What the task asks: In the copy, include no pictures, but reproduce every record exactly.

Exercise data:
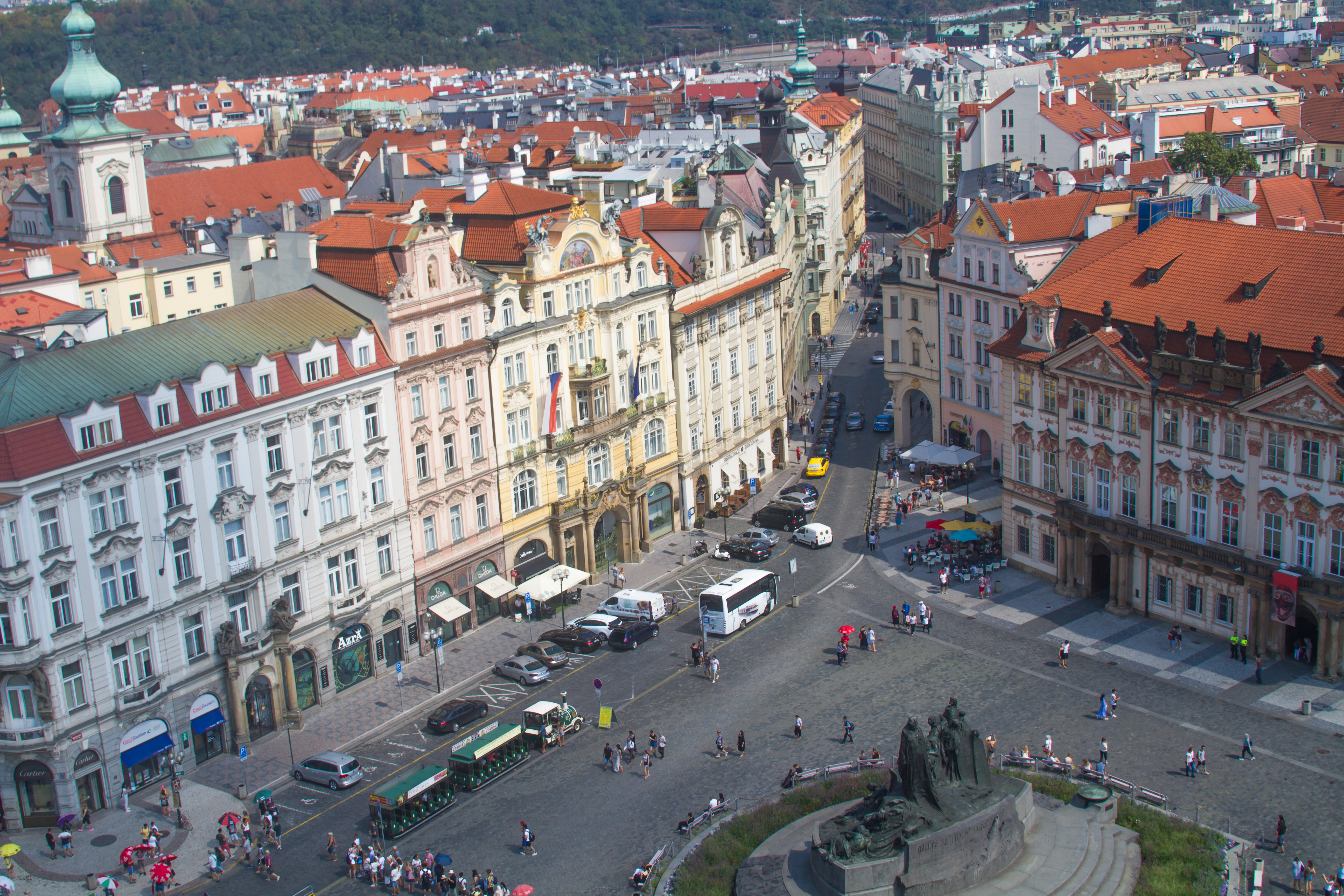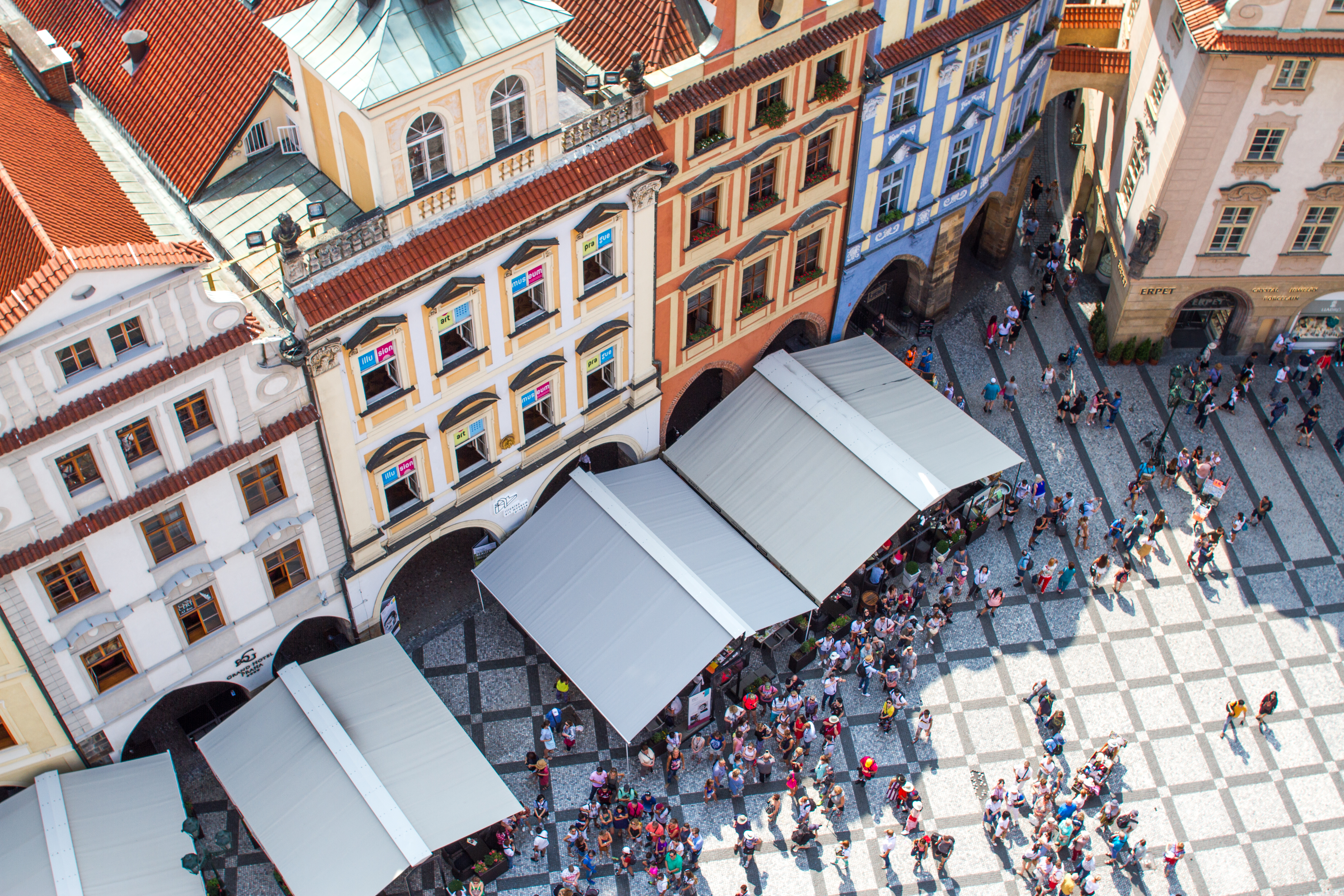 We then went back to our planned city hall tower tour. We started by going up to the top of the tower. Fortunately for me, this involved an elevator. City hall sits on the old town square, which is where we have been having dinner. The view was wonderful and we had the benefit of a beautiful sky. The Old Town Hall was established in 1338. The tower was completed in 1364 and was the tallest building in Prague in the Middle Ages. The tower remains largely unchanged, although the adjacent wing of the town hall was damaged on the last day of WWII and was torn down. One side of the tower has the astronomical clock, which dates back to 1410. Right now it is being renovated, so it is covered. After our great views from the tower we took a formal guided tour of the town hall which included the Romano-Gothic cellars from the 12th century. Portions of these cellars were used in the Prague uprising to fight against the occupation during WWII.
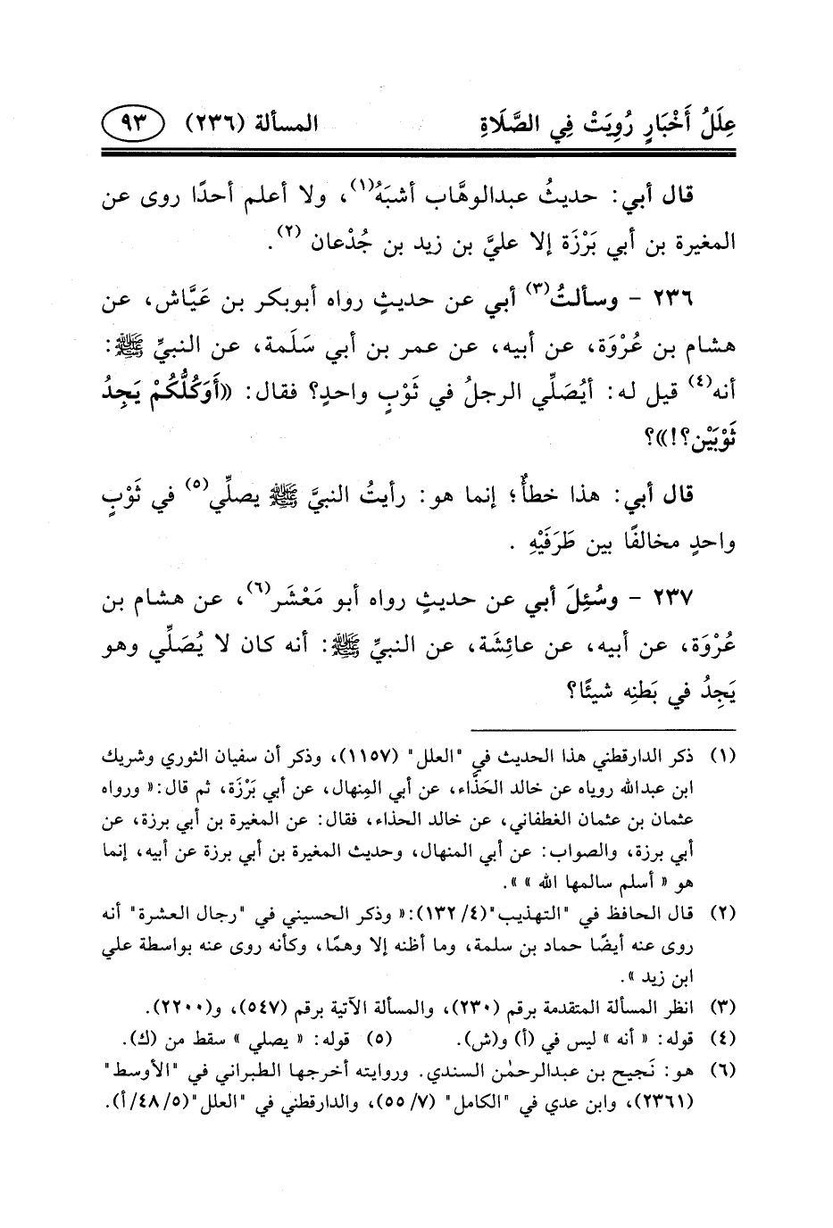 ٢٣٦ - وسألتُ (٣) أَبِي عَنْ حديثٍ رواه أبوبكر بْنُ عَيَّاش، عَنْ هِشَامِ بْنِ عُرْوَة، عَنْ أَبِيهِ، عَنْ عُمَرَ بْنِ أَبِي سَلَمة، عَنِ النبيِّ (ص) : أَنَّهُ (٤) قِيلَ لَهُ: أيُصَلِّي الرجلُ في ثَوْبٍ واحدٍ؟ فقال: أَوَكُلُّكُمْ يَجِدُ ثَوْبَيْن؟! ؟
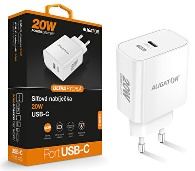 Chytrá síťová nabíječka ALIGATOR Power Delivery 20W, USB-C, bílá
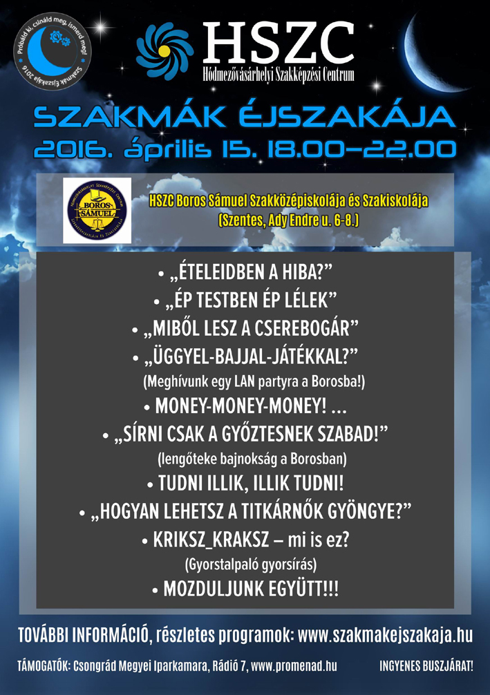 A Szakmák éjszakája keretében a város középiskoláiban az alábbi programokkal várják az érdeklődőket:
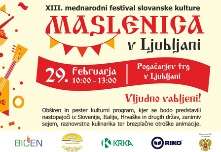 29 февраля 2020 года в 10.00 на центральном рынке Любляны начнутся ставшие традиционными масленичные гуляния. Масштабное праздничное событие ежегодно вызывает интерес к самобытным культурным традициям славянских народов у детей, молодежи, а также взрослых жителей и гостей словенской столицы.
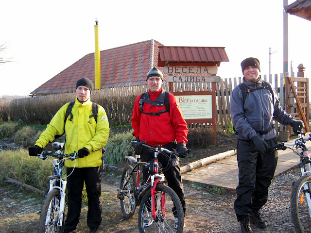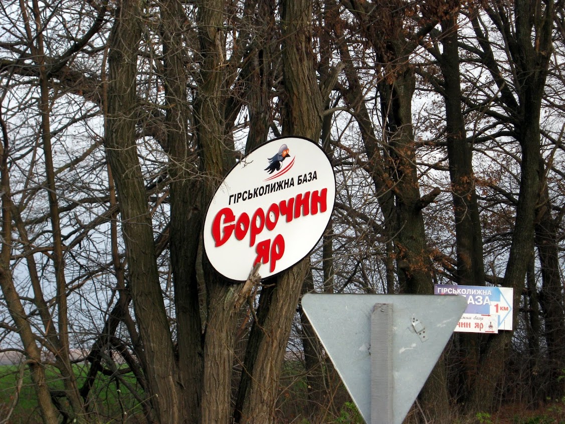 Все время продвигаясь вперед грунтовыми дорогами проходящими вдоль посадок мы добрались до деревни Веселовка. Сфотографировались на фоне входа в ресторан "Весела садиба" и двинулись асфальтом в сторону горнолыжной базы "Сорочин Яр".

Solution to the problem:
 We then went back to our planned city hall tower tour. We started by going up to the top of the tower. Fortunately for me, this involved an elevator. City hall sits on the old town square, which is where we have been having dinner. The view was wonderful and we had the benefit of a beautiful sky. The Old Town Hall was established in 1338. The tower was completed in 1364 and was the tallest building in Prague in the Middle Ages. The tower remains largely unchanged, although the adjacent wing of the town hall was damaged on the last day of WWII and was torn down. One side of the tower has the astronomical clock, which dates back to 1410. Right now it is being renovated, so it is covered. After our great views from the tower we took a formal guided tour of the town hall which included the Romano-Gothic cellars from the 12th century. Portions of these cellars were used in the Prague uprising to fight against the occupation during WWII.
 ٢٣٦ - وسألتُ (٣) أَبِي عَنْ حديثٍ رواه أبوبكر بْنُ عَيَّاش، عَنْ هِشَامِ بْنِ عُرْوَة، عَنْ أَبِيهِ، عَنْ عُمَرَ بْنِ أَبِي سَلَمة، عَنِ النبيِّ (ص) : أَنَّهُ (٤) قِيلَ لَهُ: أيُصَلِّي الرجلُ في ثَوْبٍ واحدٍ؟ فقال: أَوَكُلُّكُمْ يَجِدُ ثَوْبَيْن؟! ؟
 Chytrá síťová nabíječka ALIGATOR Power Delivery 20W, USB-C, bílá
 A Szakmák éjszakája keretében a város középiskoláiban az alábbi programokkal várják az érdeklődőket:
 29 февраля 2020 года в 10.00 на центральном рынке Любляны начнутся ставшие традиционными масленичные гуляния. Масштабное праздничное событие ежегодно вызывает интерес к самобытным культурным традициям славянских народов у детей, молодежи, а также взрослых жителей и гостей словенской столицы.
 Все время продвигаясь вперед грунтовыми дорогами проходящими вдоль посадок мы добрались до деревни Веселовка. Сфотографировались на фоне входа в ресторан "Весела садиба" и двинулись асфальтом в сторону горнолыжной базы "Сорочин Яр".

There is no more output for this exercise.